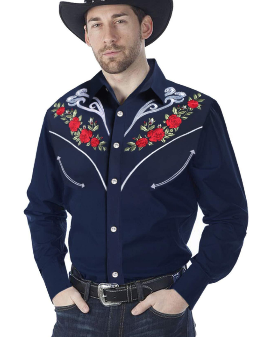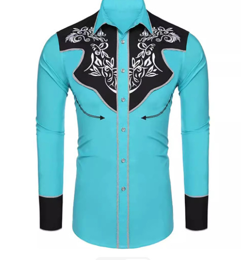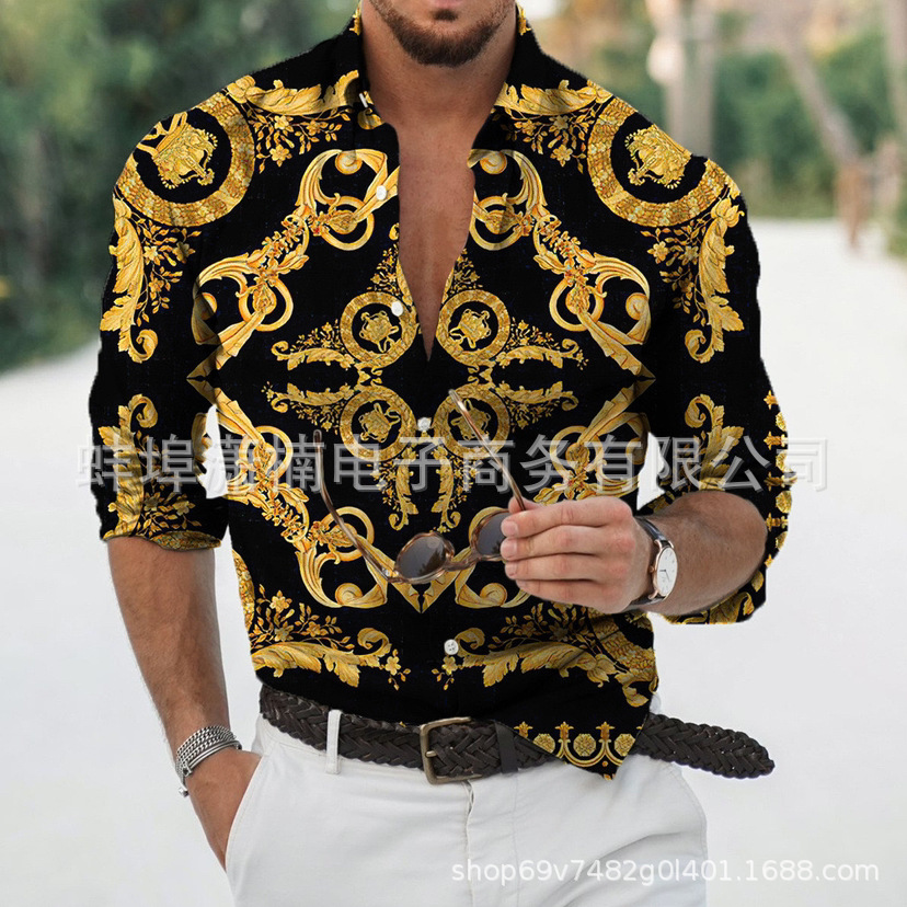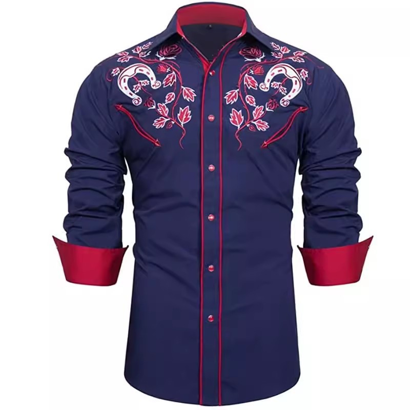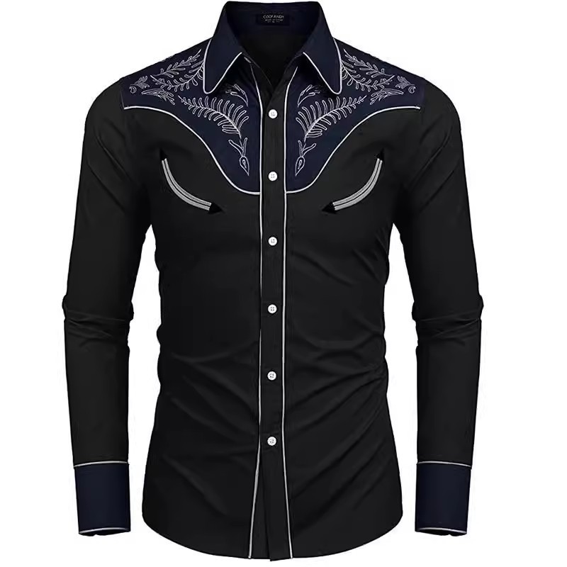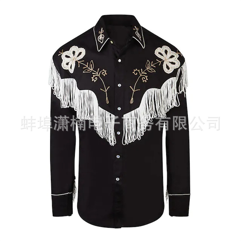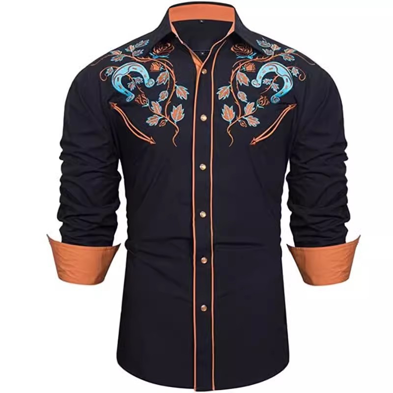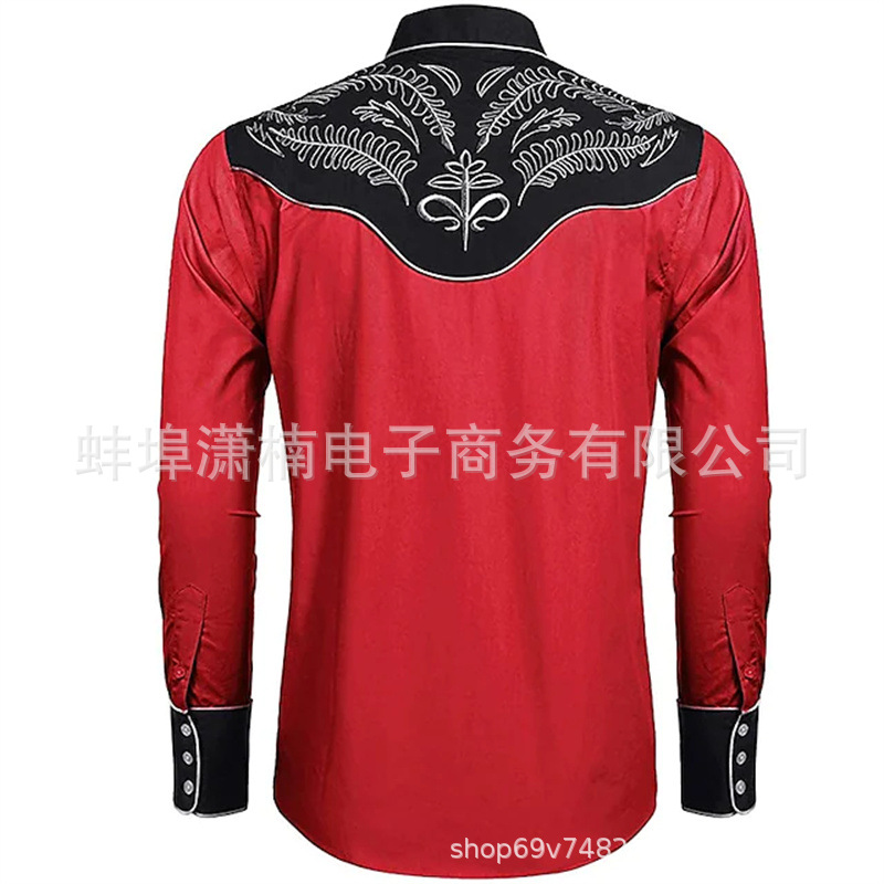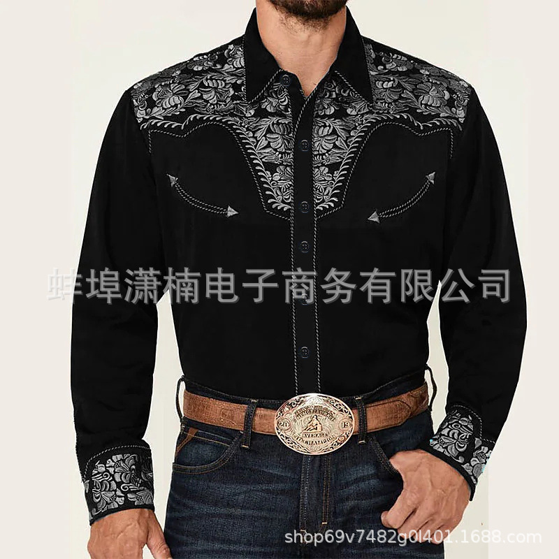 2023 새로운 서양 부족 민족 옷깃 남성 캐주얼 스포츠 야외 스트리트 긴 소매 버튼 탑 셔츠
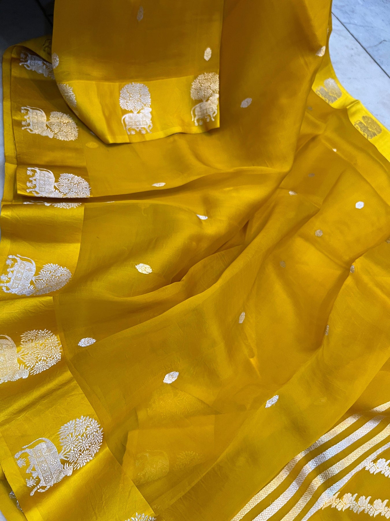 Yellow Pure Banarasi Handloom Kora Silk Saree
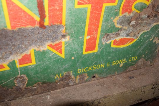 Vintage enamel advertising sign 'Dicksons of Hawlmark for seeds, floral arts & plants' (Northern Ireland), 76 x 153cmPLEASE NOTE this lot is located at and will be sold from Cocknells Farm, Moreton Valence, Gloucester GL2 7LZ. Viewing is available on Tuesday 6th July 10am to 4pm and before the sale on Saturday 10th July from 9am to 11am, no appointment is necessary but we will limit numbers if required to ensure social distancing is observedWe are not able to offer our usual postage service for this lot
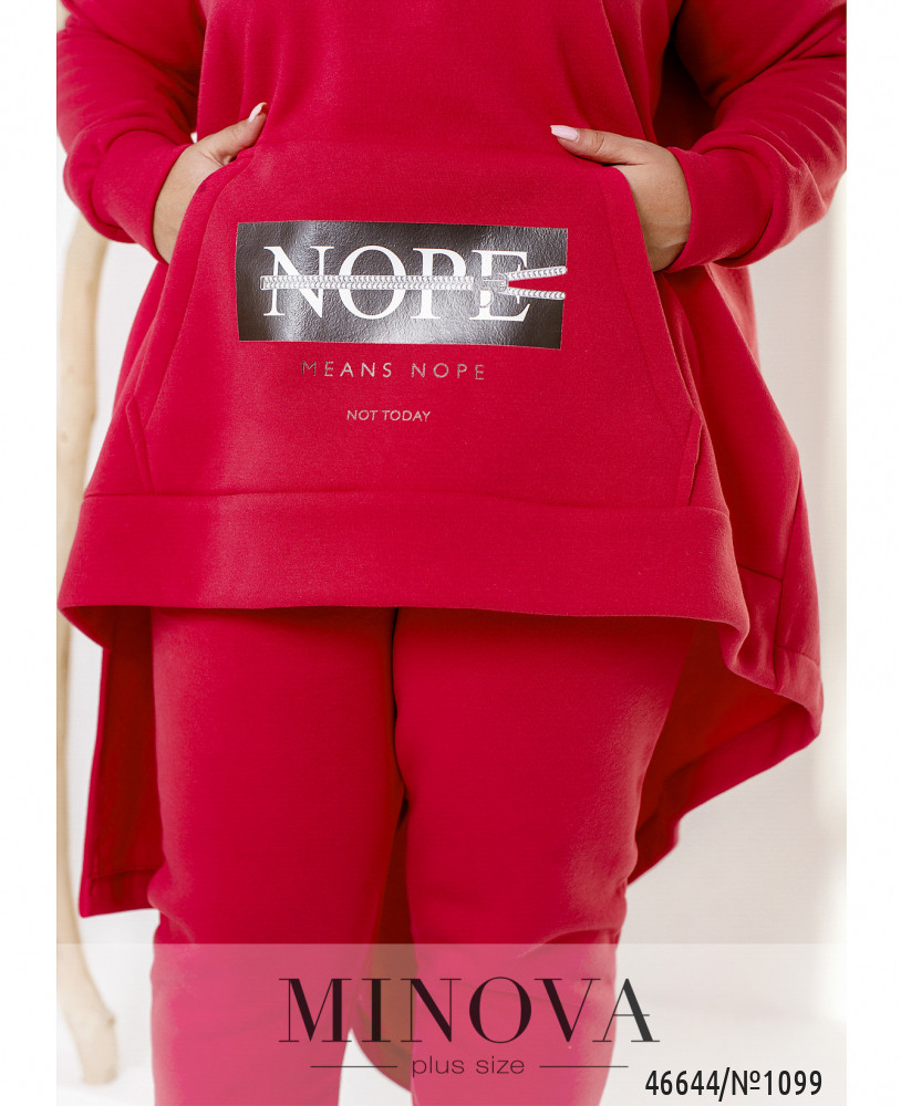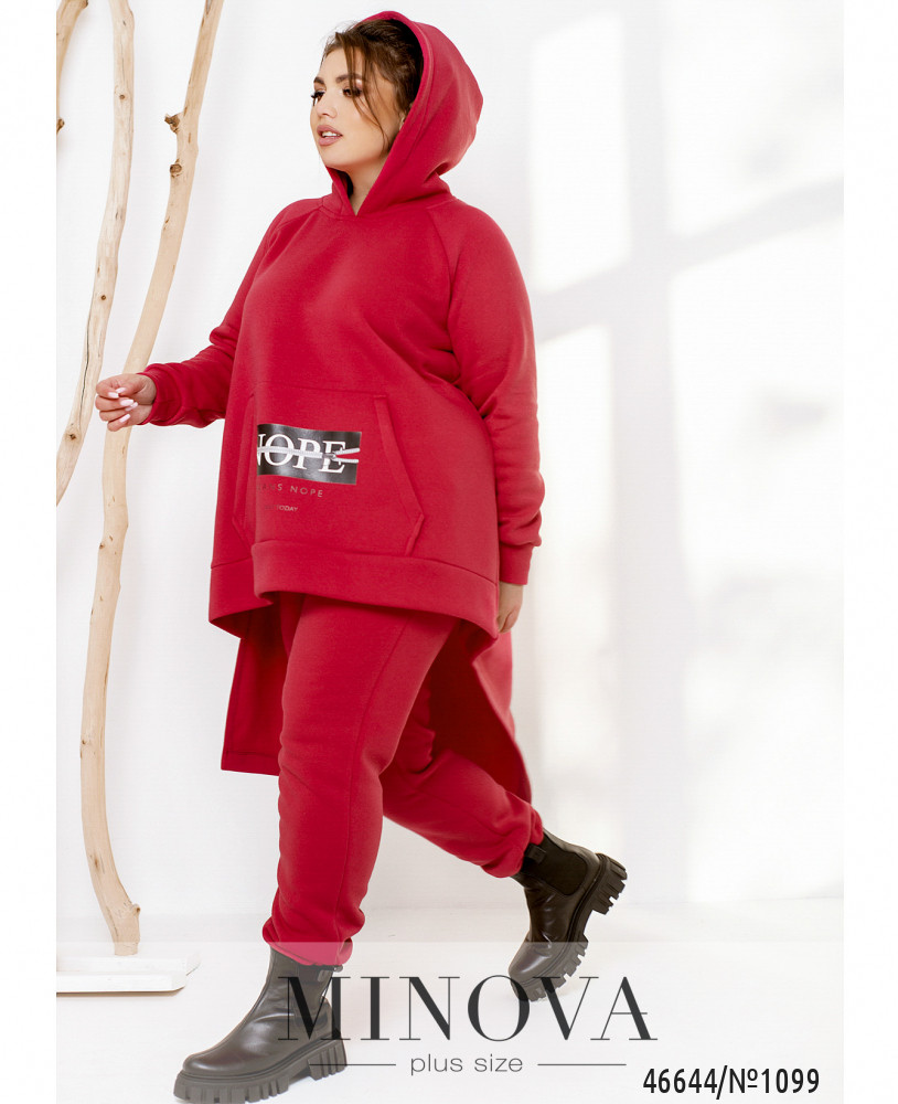 Яркий спортивный костюм нестандартного кроя не только дарит уверенность и комфорт, но и подчеркивает индивидуальный стиль. Минималистичные брюки-джоггеры с карманами в боковых швах и резинками, вшитыми по линии талии и по низу штанин, идеально дополняет необычная свободная туника с капюшоном и карманом-кенгуру, привлекающая внимание в первую очередь ассиметричным подолом. Пояс НЕ входит в комплект.
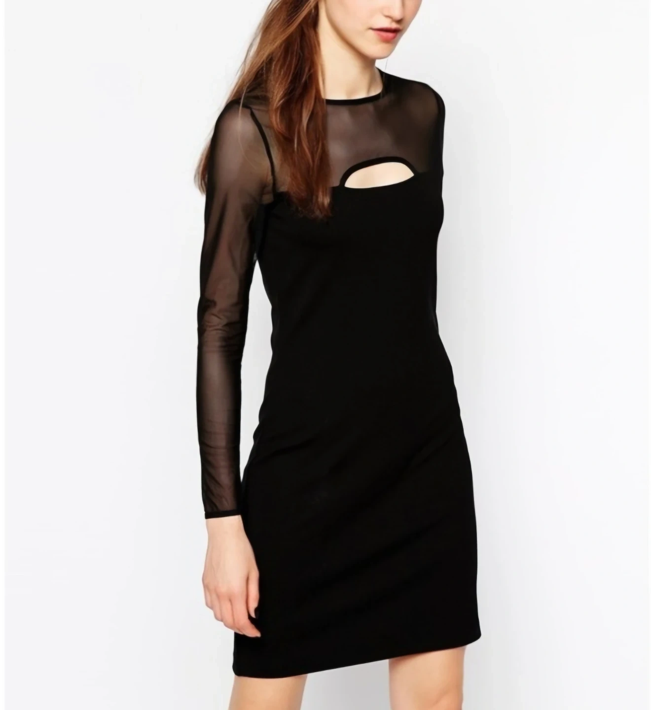 Brand: French Connection - Valentine Viscose Mesh Yoke Long Sleeve Dress
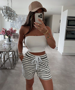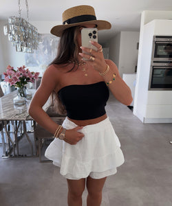 Top aus Baumwolle. Fällt normal aus. Model ist 1,65m groß und trägt Größe SM. Mit Gummieinsatz, sodass es nicht rutscht.
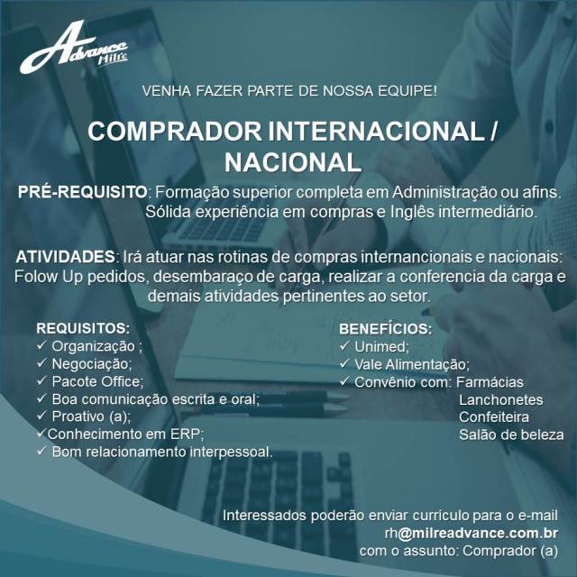 Oportunidade de Emprego – Comprador Internacional / Nacional
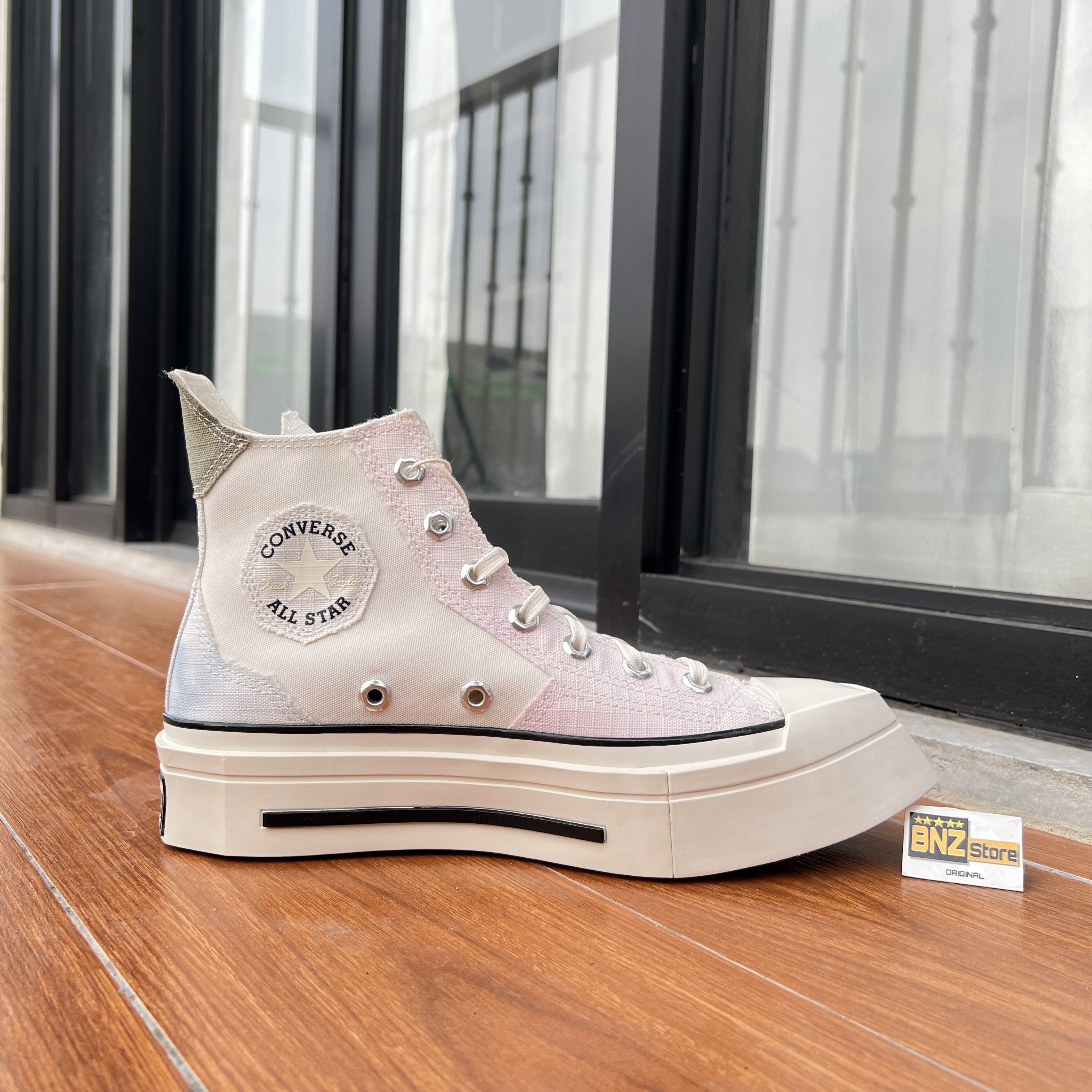Sepatu Sneakers Wanita Converse Chuck 70 De Luxe Squared Vintage White/Pink
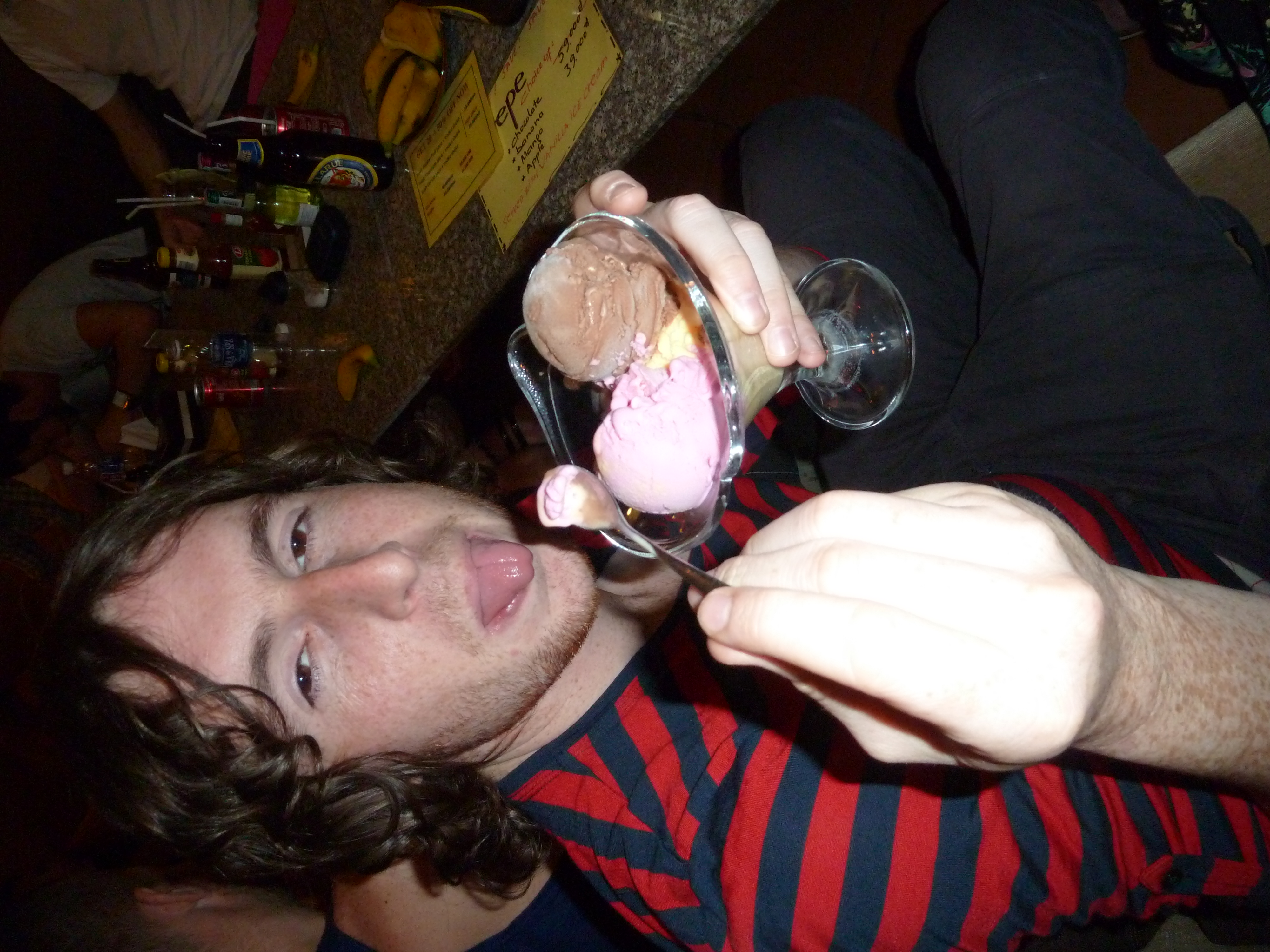 That night was our last night in a main town – the next two days will be spent on the Mekong River on a slow boat north to the Thai border. Ricky was preparing to leave the group, as he is meeting a friend in Chiang Mai, and so it was our last night all together on the tour.

- - - -

Requirement: Starting with the line that holds "Oportunidade de Emprego", transcribe exactly each line through the last one of the material above, and nothing else. Do not include pictures.

Task answer:
 Oportunidade de Emprego – Comprador Internacional / Nacional
Sepatu Sneakers Wanita Converse Chuck 70 De Luxe Squared Vintage White/Pink
 That night was our last night in a main town – the next two days will be spent on the Mekong River on a slow boat north to the Thai border. Ricky was preparing to leave the group, as he is meeting a friend in Chiang Mai, and so it was our last night all together on the tour.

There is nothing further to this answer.